I bought k1, skipped k2, bought k3, skipped k4, and bought the PW. I'll skip PW2, and buy PW3. I figure that will be in 2 to 3 years. The battery should last for that long surely.

Steve


----------



## JimC1946 (Aug 6, 2009)

Our first Kindle was a K2 that we bought 3½ years ago. We gave it to a friend about a year ago, and she says the battery is still holding a charge pretty well.


----------



## TsPlace (Sep 16, 2012)

Definitely like some Apple products, the battery is not replaceable, when it dies, it dies.  But I have never had a problem with them dying.


----------



## Mike D. aka jmiked (Oct 28, 2008)

Zorrosuncle said:


> Hi -- I love my paperwhite, but in observing its completely sealed case, one has to wonder what one does if the battery loses its charging power, say five years from now. How can it ever be replaced?


Many devices with "non-customer replaceable batteries" can have new batteries installed if you are handy with tools. I've done an IOS device, a Palm Tungsten, and soon a Garmin car GPS. It's not as easy as the original Kindle, where you slide open the back and just plug in a new one, but it is doable.

This is one of the reasons I didn't get an iPhone and went with Android this time around, as the Android Phone I bought has a plug-in battery, but I see those days coming to an end, since the latest HTC phones (and others) seem to be going towards the user-hostile model of design.

Mike


----------



## fuschiahedgehog (Feb 23, 2010)

it's a tradeoff: thin-and-light vs battery swappability.  I'll take thin-n-light, especially in cheaper gizmos or those that can go multiple days between charges.  

Sent from my ASUS Transformer Pad TF700T using Tapatalk 2


----------



## Mike D. aka jmiked (Oct 28, 2008)

fuschiahedgehog said:


> it's a tradeoff: thin-and-light vs battery swappability. I'll take thin-n-light, especially in cheaper gizmos or those that can go multiple days between charges.


My phone will normally go two days between charges. Unfortunately, the way I use it once or twice a week changes things considerably.

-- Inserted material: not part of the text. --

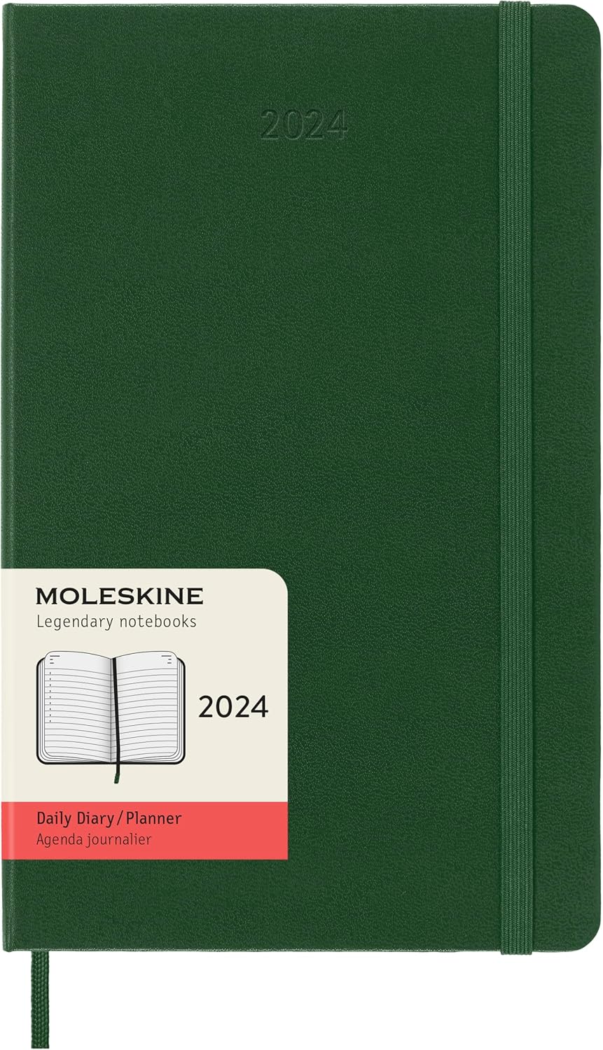 Moleskine Tagesplaner 12 Monate 2024, Planer 2024, Grosses Format 13x21, Hardcover und elastischer V

The nice thing about being able to change out batteries yourself is exemplified by my current phone. Not only does it have a battery I can change out, but I bought a battery that was double the capacity of the stock battery (3400 mAh vs. 1750 mAh) complete with a new back cover that allowed the larger battery to fit, all for about $20.

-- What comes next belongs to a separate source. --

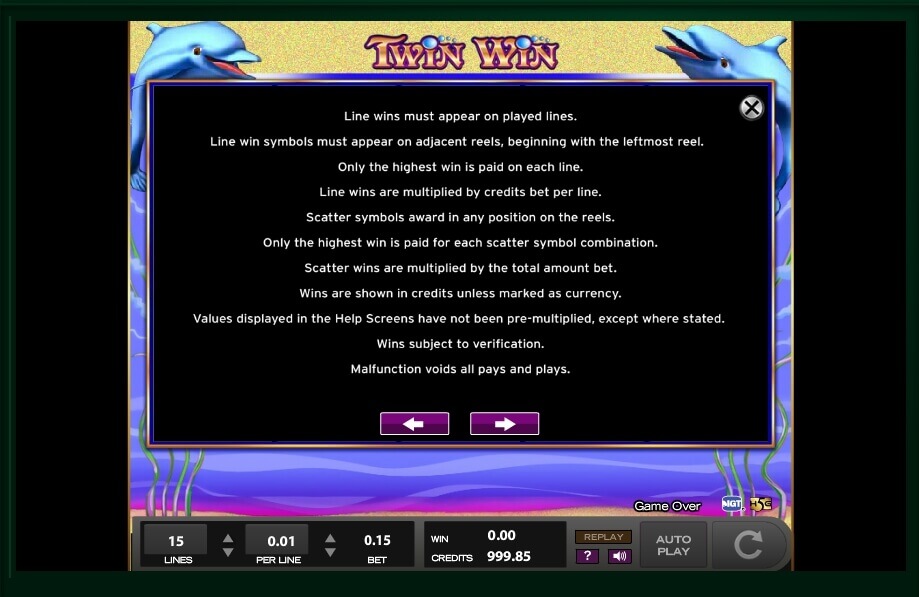 However, that is not everything interesting that is waiting for those who decided to play such a bright slot game! Scatter symbols can be met only on the second, the third and the fourth reels in the game. They will give the player a chance to boost cash x100 times! There are no free spins and well as players won’t be able to find a bonus game in the list of features available in Twin Win, but it doesn’t make this game less interesting at all!

The standard battery was good for about two days of 'normal' operation. When I go out all day geocaching, I'm running a program that tracks me by GPS and posts my position on a map on the internet every minute (I'm generally out in the boonies by myself, I want relatives to know where I am), two geocaching-specific programs that need GPS and internet connections to get my location and d/l cache and mapping data real-time, check my email, act as a WiFi hotspot for my Nexus 7 or iPad, and check the weather. When I'm in the car driving between locations, I listen to podcasts stored on the phone. Oh, I use it as a phone, also. 

All this means that the two-day normal operational window drops to an optimistic 5-6 hours with the extra-capacity battery. Even then, I've had to plug in my 8400 mAh external battery pack to keep things going if I'm out on an extended run of 10 hours or so (the car battery charger won't provide enough current to do this).

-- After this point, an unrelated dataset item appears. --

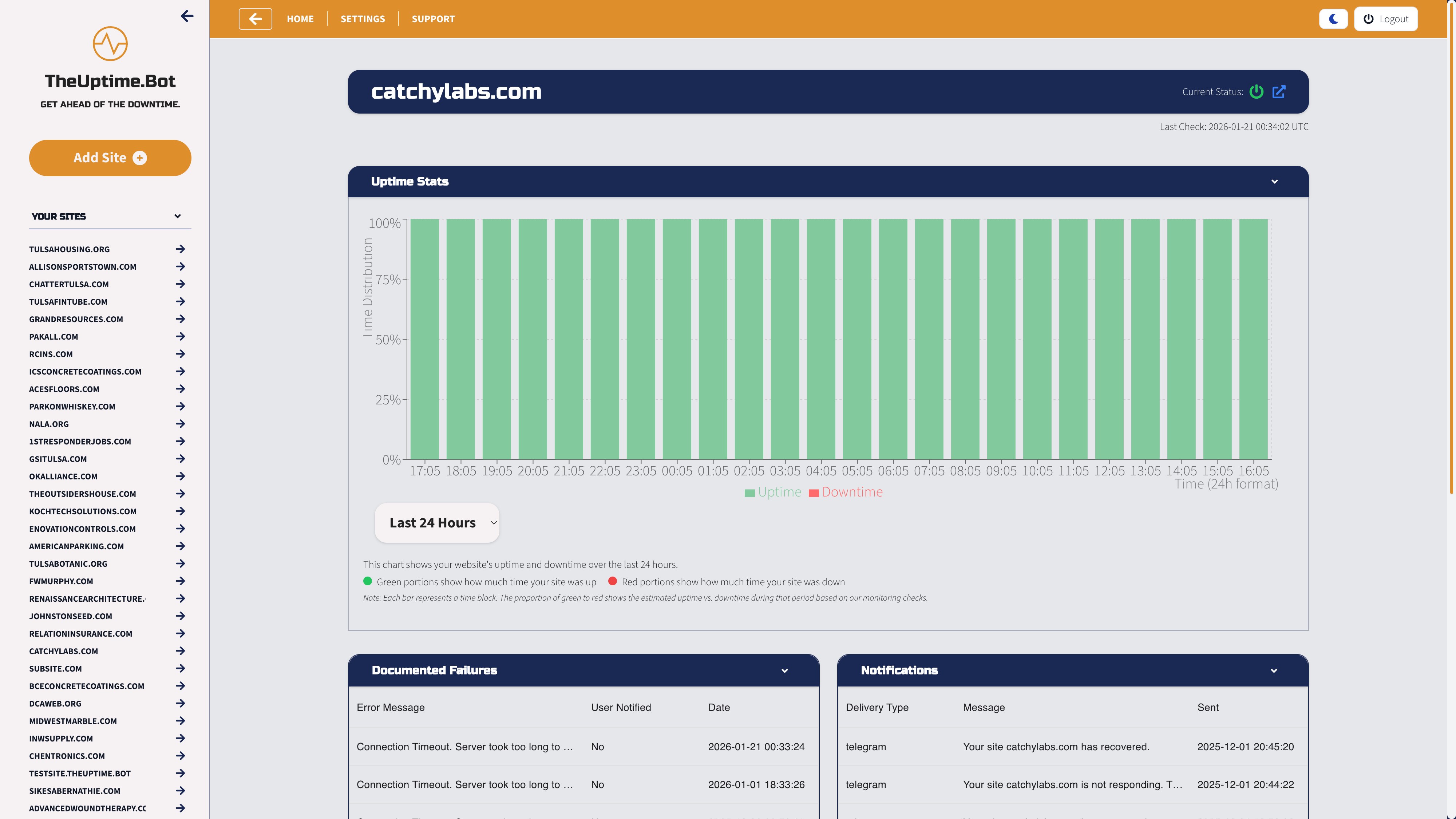 We developed TheUptime.Bot, a powerful website and application uptime monitoring platform. Built with React for a fast, responsive frontend and PHP on the backend, the tool continuously checks websites and alerts users instantly when downtime occurs — helping them stay ahead of issues and minimize disruptions.

No, I don't consider all this normal usage. For most other people, anyway.  

Mike


----------



## PhillyGuy (Dec 18, 2010)

Web search shows you can already buy a Paperwhite replacement battery, although I don't know why you would since they are all still under warranty.

This video web page shows how to take apart the Paperwhite and put it back together:

http://www.engadget.com/2012/10/07/amazons-kindle-paperwhite-gets-torn-down-promptly-put-back-to/

My reaction to the above was that it looks hard to do.

By contrast, the Kindle Keyboard is easy to pop open, replace a part, and snap back together.


----------



## PhillyGuy (Dec 18, 2010)

fuschiahedgehog said:


> it's a tradeoff: thin-and-light vs battery swappability.


I don't understand this. You can find thin, light devices that snap together. You can find thin, light devices largely held together with tiny screws. And you can find thin, light devices held together with glue. I don't see why one of these methods is necessarily thinner or lighter than another.

Few, if any, reviewers consider ease of repair, so the designers have little incentive to build in repair-ability. And yet the devices are sometimes easy to repair anyway. Maybe this is because Amazon wants to be able to recondition returned units. Or maybe some designers hate the idea their creations will be unusable by their grandchildren. Who knows?


----------



## HappyGuy (Nov 3, 2008)

Given that the "normal" lifetime of most of these devices is one to two years (yes, I realize Kindle users tend to keep their Kindles FOREVER) chances are you'll replace it long before the battery actually wears out; and manufacturers count on you doing the replacement.


----------



## Cyanide5000 (Aug 30, 2010)

The batteries are pretty awesome and will last you many years, and even then if you need a replacement, there are serives on the web that will do it for you for a resonable price, but as others have said, you'll have probably replaced your device by that time anyway


----------



## Mike D. aka jmiked (Oct 28, 2008)

It's not as though the devices were doorstops if the battery goes out... the manufacturers all seem to offer a service to replace the battery if you send in the device. Yeah, with decreasing hardware costs it will be maybe be as much as a buying a new device by the time you need to do it, but it can be done.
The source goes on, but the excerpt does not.